A frustrating year and a half behind schedule, on October 26, 2009, the committee issued its report and recommendations. But Minister of Transportation Yisrael Katz (Likud), decided not to submit the recommendations to the Court “until he had a chance to study them.”

We, however, did sneak a peek. To our joy, the report said plainly that enforcing sex-segregated buses was a violation of Israel’s democratic values and that no government office should be involved in such segregation. In the months that followed, however, Minister Katz, under pressure from haredi politicians, refused to stand behind his own committee’s recommendations. Instead, he asked the Court to approve the exact opposite: sex-segregated buses which were “voluntary,” echoing the Egged spokesman who had so infuriated me years before. What Katz envisioned were bus signs asking passengers to sit separately but indicating it was not mandatory. He further suggested that there be a “trial period” in which this “voluntary” system would be implemented, to ascertain if violence could be avoided.

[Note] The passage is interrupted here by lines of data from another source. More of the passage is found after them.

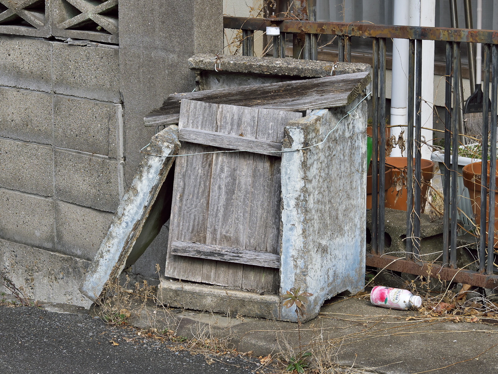 2022年02月20日 (C-3) ノスタルジック「コンクリート製のゴミ箱」/ 岡山県玉野市 昭和の町並みが残りノスタルジックな雰囲気を醸し出しだすとともに失われつつ路地の風景を残す...開発に伴う消滅の波が押し寄せることは避けられない現実ですまちかどにたたずむ ゴミ箱 正式な名称はわかりません コンクリート製のゴミ箱、路地箱、ごんばこ etc. 今回、岡山県玉野市を散策中に偶然見つけた コンクリート製のゴミ箱見つけると何だか嬉しくなちゃいます岡山県玉野市奥玉※写真はクリックすると大きくなります タグ :#OLYMPUS#E-M1X#GoPro9#路地箱#ごんばこ#懐古#岡山県玉野市奥玉 「岡山県(コンクリート製のゴミ箱)」カテゴリの最新記事 「●コンクリート製のゴミ箱」カテゴリの最新記事 < 前の記事次の記事 > コメント コメントフォーム 名前 コメント 記事の評価 リセット リセット 顔 星 情報を記憶 コメントを投稿する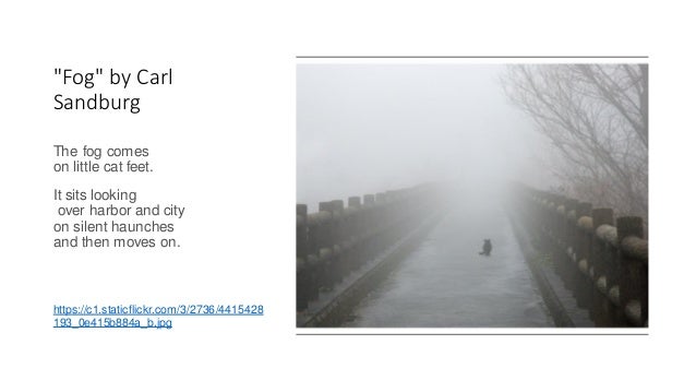 The fog comes on little cat feet figurative language. The type of figurative language that compares two things using the words like or as define metaphor identify the type of figurative language used in the text below. In his youth he worked many odd jobs before serving in the 6th illinois infantry in puerto rico during the spanish american war. The poet creates comparisons between unrelated objects such as fog on little cat feet and harbor and city. The reader of fog can imagine the fog almost creeping around on its little cat feet as it begins to enter the space in this case the harbor and city the fog then simply sits on its silent.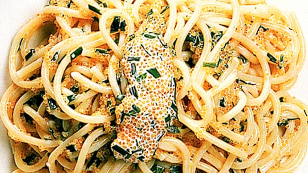 3. Sekoita hyvin valutettu spagetti ja mätisekoitus varovaisesti isossa kulhossa, tarjoile.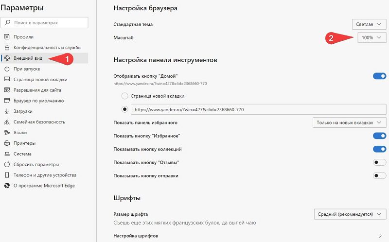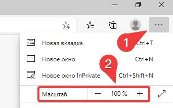 Откройте Параметры и прочее «⋯» (ALT + F) в правом верхнем углу браузера и установите необходимый масштаб страницы в строке «Масштаб». Нажимая на «+» и «—» установите новый масштаб страницы.

The justices were unimpressed. They asked Katz to show why his committee’s recommendations should not be fully implemented immediately, and the sex-segregated buses cancelled altogether. By now, Minister Katz has long passed his legal deadline to respond. And so, we have filed yet again a demand that he do so.

We await the minister’s belated response or, lacking that, finally, after so many years, a courageous decision on the part of our Supreme Court, to guard the democratic rights of all Israel’s citizens from the constant, dangerous erosion fueled by religious fanaticism coupled with political expediency: a decision that will allow us all to finally take our seats.

 

Naomi Ragen is a novelist and playwright. Her latest book, The Tenth Song, will be out in October.